─── PROVIDED DATA

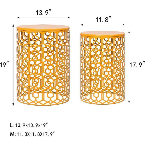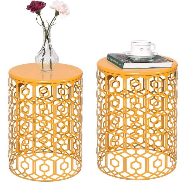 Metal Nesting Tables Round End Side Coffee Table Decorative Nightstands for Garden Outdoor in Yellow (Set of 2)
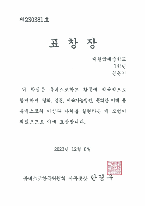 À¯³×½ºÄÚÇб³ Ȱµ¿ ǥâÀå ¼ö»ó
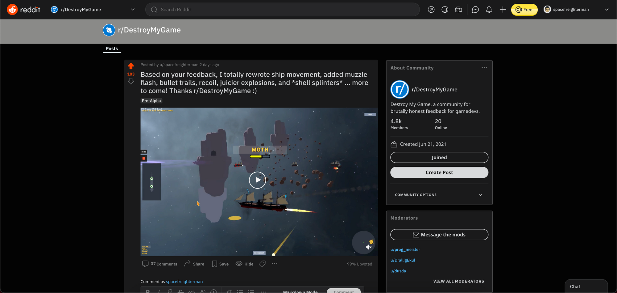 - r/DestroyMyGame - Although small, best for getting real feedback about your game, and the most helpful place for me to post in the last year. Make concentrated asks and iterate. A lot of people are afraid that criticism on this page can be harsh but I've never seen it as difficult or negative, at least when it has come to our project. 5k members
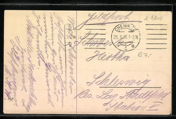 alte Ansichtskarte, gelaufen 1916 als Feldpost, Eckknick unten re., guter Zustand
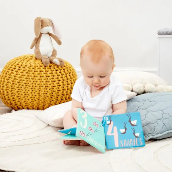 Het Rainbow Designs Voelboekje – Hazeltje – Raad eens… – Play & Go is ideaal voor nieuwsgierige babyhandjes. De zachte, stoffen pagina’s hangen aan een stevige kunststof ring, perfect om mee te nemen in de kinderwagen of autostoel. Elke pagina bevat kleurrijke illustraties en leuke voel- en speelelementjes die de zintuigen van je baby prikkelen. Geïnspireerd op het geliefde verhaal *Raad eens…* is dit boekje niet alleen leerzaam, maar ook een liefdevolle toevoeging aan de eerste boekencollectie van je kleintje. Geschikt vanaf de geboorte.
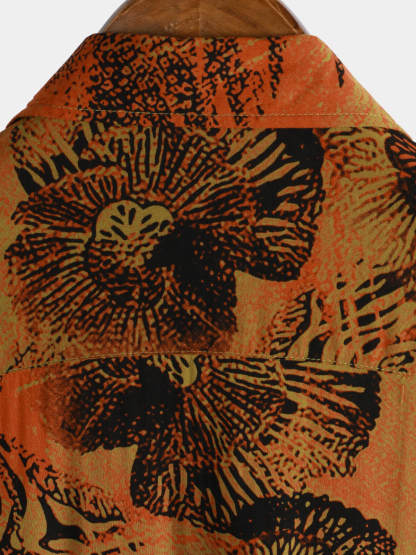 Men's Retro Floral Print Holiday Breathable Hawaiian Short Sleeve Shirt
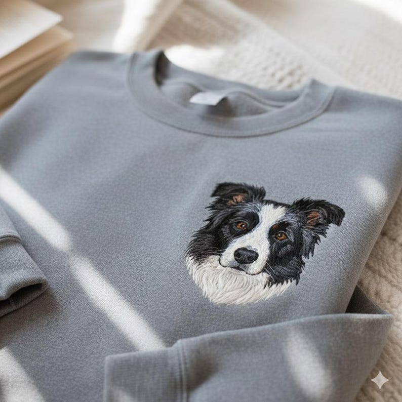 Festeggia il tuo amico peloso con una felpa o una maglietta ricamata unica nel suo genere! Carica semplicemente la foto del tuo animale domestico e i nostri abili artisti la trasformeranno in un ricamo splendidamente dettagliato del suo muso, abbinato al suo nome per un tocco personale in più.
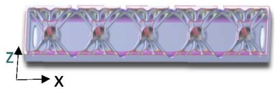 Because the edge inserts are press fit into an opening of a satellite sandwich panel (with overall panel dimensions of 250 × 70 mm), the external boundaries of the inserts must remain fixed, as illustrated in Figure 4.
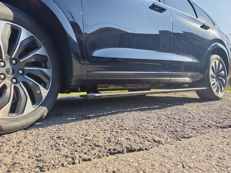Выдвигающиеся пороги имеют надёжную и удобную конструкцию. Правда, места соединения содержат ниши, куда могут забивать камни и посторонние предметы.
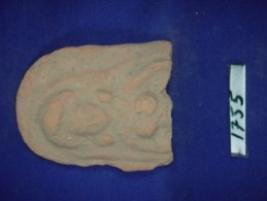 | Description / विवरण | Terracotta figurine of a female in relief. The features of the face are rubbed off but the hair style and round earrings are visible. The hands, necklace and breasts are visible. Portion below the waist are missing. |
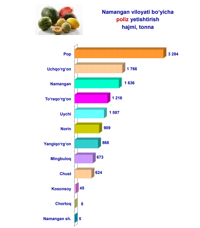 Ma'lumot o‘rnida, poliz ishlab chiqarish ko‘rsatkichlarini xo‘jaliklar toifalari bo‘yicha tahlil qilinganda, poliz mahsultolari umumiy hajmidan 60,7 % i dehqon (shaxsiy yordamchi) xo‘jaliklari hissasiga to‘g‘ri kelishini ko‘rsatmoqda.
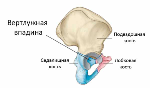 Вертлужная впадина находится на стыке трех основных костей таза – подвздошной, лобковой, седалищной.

──────

__WHAT THIS TASK INVOLVES__: Every entry above is to be transcribed exactly, with all pictures left out.

__OUTPUT OF THE TASK__:
 Metal Nesting Tables Round End Side Coffee Table Decorative Nightstands for Garden Outdoor in Yellow (Set of 2)
 À¯³×½ºÄÚÇб³ Ȱµ¿ ǥâÀå ¼ö»ó
 - r/DestroyMyGame - Although small, best for getting real feedback about your game, and the most helpful place for me to post in the last year. Make concentrated asks and iterate. A lot of people are afraid that criticism on this page can be harsh but I've never seen it as difficult or negative, at least when it has come to our project. 5k members
 alte Ansichtskarte, gelaufen 1916 als Feldpost, Eckknick unten re., guter Zustand
 Het Rainbow Designs Voelboekje – Hazeltje – Raad eens… – Play & Go is ideaal voor nieuwsgierige babyhandjes. De zachte, stoffen pagina’s hangen aan een stevige kunststof ring, perfect om mee te nemen in de kinderwagen of autostoel. Elke pagina bevat kleurrijke illustraties en leuke voel- en speelelementjes die de zintuigen van je baby prikkelen. Geïnspireerd op het geliefde verhaal *Raad eens…* is dit boekje niet alleen leerzaam, maar ook een liefdevolle toevoeging aan de eerste boekencollectie van je kleintje. Geschikt vanaf de geboorte.
 Men's Retro Floral Print Holiday Breathable Hawaiian Short Sleeve Shirt
 Festeggia il tuo amico peloso con una felpa o una maglietta ricamata unica nel suo genere! Carica semplicemente la foto del tuo animale domestico e i nostri abili artisti la trasformeranno in un ricamo splendidamente dettagliato del suo muso, abbinato al suo nome per un tocco personale in più.
 Because the edge inserts are press fit into an opening of a satellite sandwich panel (with overall panel dimensions of 250 × 70 mm), the external boundaries of the inserts must remain fixed, as illustrated in Figure 4.
Выдвигающиеся пороги имеют надёжную и удобную конструкцию. Правда, места соединения содержат ниши, куда могут забивать камни и посторонние предметы.
 | Description / विवरण | Terracotta figurine of a female in relief. The features of the face are rubbed off but the hair style and round earrings are visible. The hands, necklace and breasts are visible. Portion below the waist are missing. |
 Ma'lumot o‘rnida, poliz ishlab chiqarish ko‘rsatkichlarini xo‘jaliklar toifalari bo‘yicha tahlil qilinganda, poliz mahsultolari umumiy hajmidan 60,7 % i dehqon (shaxsiy yordamchi) xo‘jaliklari hissasiga to‘g‘ri kelishini ko‘rsatmoqda.
 Вертлужная впадина находится на стыке трех основных костей таза – подвздошной, лобковой, седалищной.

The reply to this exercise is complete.